This is the ideal scenario; we have the maximum amount of information possible about the data being moved, and since it is known at compile-time we can enforce whatever our desired behaviour is. In our proposal we think that under these conditions all data from the source should be copied into the destination. There should be no silent loss of data through truncation, nor should there be silent addition of new values. If the programmer desires either of those behaviour they should make that explicit:

std::array<float, 6> ad;
simd<float 8> simdA(ad); // No! There is a mismatch in size causing extra data to be added.

// Alternative making the resize explicit.
simd<float, 6> simdA(ad);
auto simdA8 = resize<8>(simdA);

Our intention would be to allow construction from anything which has compile-time extent including C-array, std::array, std::span, and so on. We will either spell these out in the wording, or find a way to generically construct from anything which has compile-time constant size found using std::extent_v, std::tuple_size_v, and so on.

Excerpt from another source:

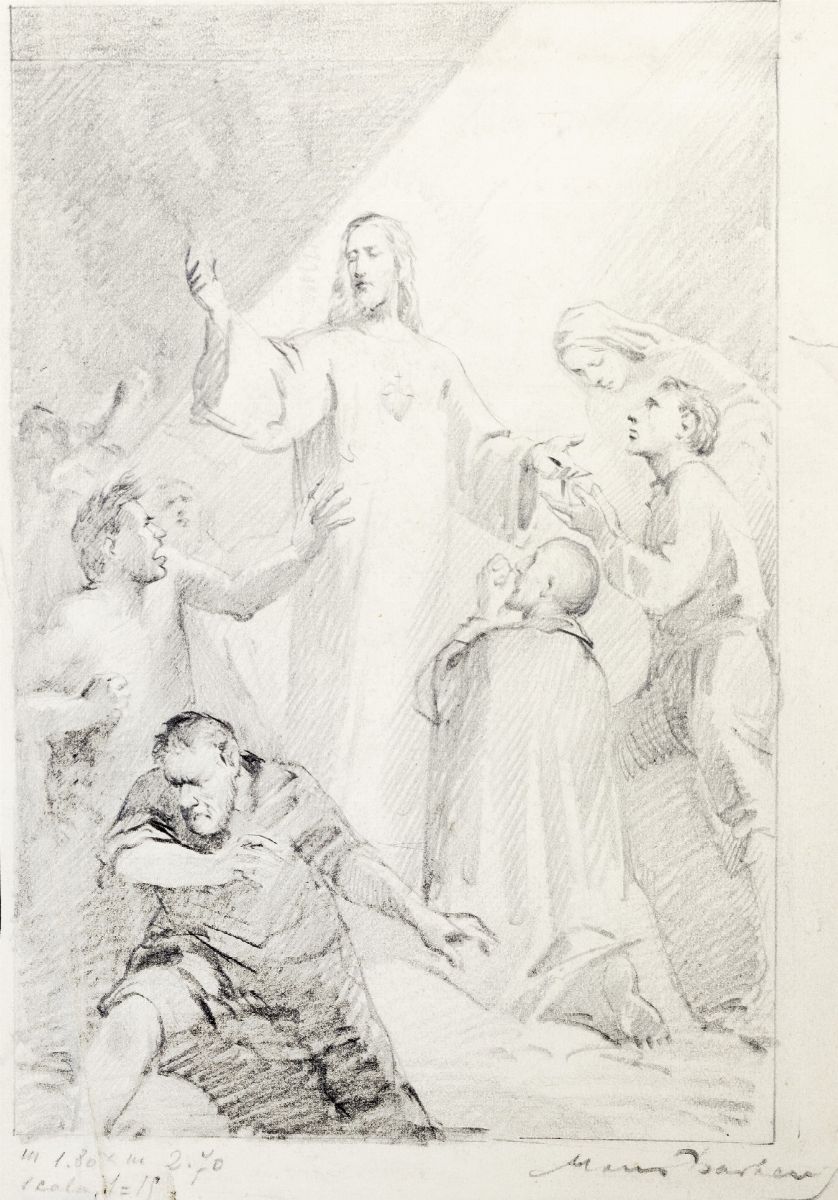 Collaboratore dei maggiori ordini religiosi e dagli anni Trenta decoratore pittorico e mosaicista in chiese, cappelle e oratori in Italia e all’estero, nonché fecondissimo illustratore e autore di popolarissimi santini, Mario Barberis è particolarmente caro a Bruno Mantura, autore di un saggio sui suoi rapporti con l’architetto Antonio Barluzzi nel volume Artisti italiani in Terrasanta [1]. Nella collezione Mantura compare, infatti, un nucleo di opere, che copre le diverse fasi della produzione dell’artista, allievo dell’Accademia Albertina di Torino. Datato 1911 è un primo disegno raffigurante un giardino (lotto 85, b), che colpisce per il talento del giovane disegnatore, appena diciottenne, con il quale aveva strappato a Ugo Fleres l’esclamazione “questi non è un giovanotto: è la personificazione di un lapis!” [2]. Dopo aver partecipato alla Prima Guerra mondiale come soldato semplice con compiti di disegnatore nel reparto Genio Aerostieri, Barberis si era stabilito a Roma e aveva ripreso la sua attività artistica. Risale a questo periodo (lotto 85, a) il disegno intitolato Tra le siepi fioriscono sempre fiori per gl’italiani datato 1918 e chiaramente riferito alle celebrazioni per la fine della guerra. Al tema della guerra potrebbe forse riferirsi anche l’enigmatica composizione La bella follia (lotto 88, a), come intuito da Mantura: “è possibile che il foglio –studio di una copertina di rivista o per una pala, considerando la sagomatura dell’immagine – abbia un significato patriottico” [3]. Importanti sono gli stimoli ricevuti a ridosso degli anni Venti, oltre che dalla grafica simbolista, da Giacomo Balla, dal divisionismo romano e dal cenacolo modernista di padre Genocchi, a cui si era accostato attraverso il letterato Giulio Salvadori. Testimonianza della ricerca sulla luce portata avanti in questo periodo sono i pastelli Luci nel vicolo (lotto 86, a) e Preghiere (lotto 110) e l’olio Le donne al Calvario. Attraverso la mediazione di Salvadori, Barberis venne in contatto con i francescani di Terrasanta, che stavano costruendo il santuario del Getsemani e nel gennaio 1920 gli commissionano un modello preparatorio per la decorazione dell’edificio sacro, che non incontrerà, tuttavia, il favore dell’architetto Giulio Barluzzi [4]. Il disegno In Emmaus (lotto 84, a) conferma la sua presenza a Gerusalemme nell’estate dello stesso anno [5].Riferibili all’intensissima attività al servizio degli ordini religiosi, che lo vide, tra l’altro attivo, nella basilica di Santa Maria Ausiliatrice a Torino, nelle chiese Cristo Re e Santa Maria Ausiliatrice a Roma, nel Seminario Romano e nel Collegio Armeno in Vaticano, sono il bozzetto per due pale d’altare, la prima con il Sacro Cuore di Gesù (lotto 87, a), tema a lui particolarmente vicino, e la seconda con l’Assunta e santi francescani. È, inoltre, possibile mettere in relazione il disegno È passato Gesù (lotto 87, b) con una pala per la sede americana dei Padri Passionisti presso il lago Michigan. Può essere, infine, collocato nel secondo dopoguerra Et incarnatus est (lotto 86, c), realizzato a matita su carta nera, che attesta l’evoluzione stilistica dell’artista in direzione di una maggiore geometrizzazione delle forme e dello spazio.

Finally, we can provide deduction guides too, since we know what the size of the output simd should be:

template <contiguous-range-with-static-extent Rg>
basic_simd(Rg)
  -> basic_simd<ranges::range_value_t<Rg>,
                deduce-t<ranges::range_value_t<Rg>, static-range-size<Rg>>>;

Recall that we cannot define the necessary deduction guides for the simd alias template. Thus, users that want to use CTAD need to use basic_simd:

std::array<float, 4> data;
std::simd v = data; // compiles only if simd<float>::size() happens to be 4
std::basic_simd w = data; // deduces Abi correctly

5. Accessing a source of bounded but unknown extent

When the source has an unknown extent there may be a mismatch between the size of the simd and the source’s size. We could handle this in one of three ways, from least expensive to most expensive:

  1. Make this undefined behaviour

  2. Make this defined behaviour which is gracefully handled

  3. Make this an exception

We look at each of these in turn. We also look at which of these should be the default behaviour.

5.1. Undefined behaviour

This option is equivalent to leaving the status quo of [P1928R8] unchanged, and putting the onus entirely on the user to check that the range is valid. If the source range is too small, the load will go beyond the end of the valid data. If the source range is too big, the data will be truncated to the size of the simd.

Even if the range is not used explicitly for bounds checking, the extra information could still be used in debug modes by the compiler to help aid correctness checking, or by static analysis tools, or by mechanisms for contract checking.

We could explicitly opt-in to this behaviour by passing in simd_unchecked as a flag. simd_unchecked is already defined in [P2664R6] to remove bounds checking on gather_from and scatter_to.

5.2. Defined behaviour

With this option the behaviour of the simd load will always generate valid data and will always ensure that out-of-bounds reads (or writes for stores) cannot occur.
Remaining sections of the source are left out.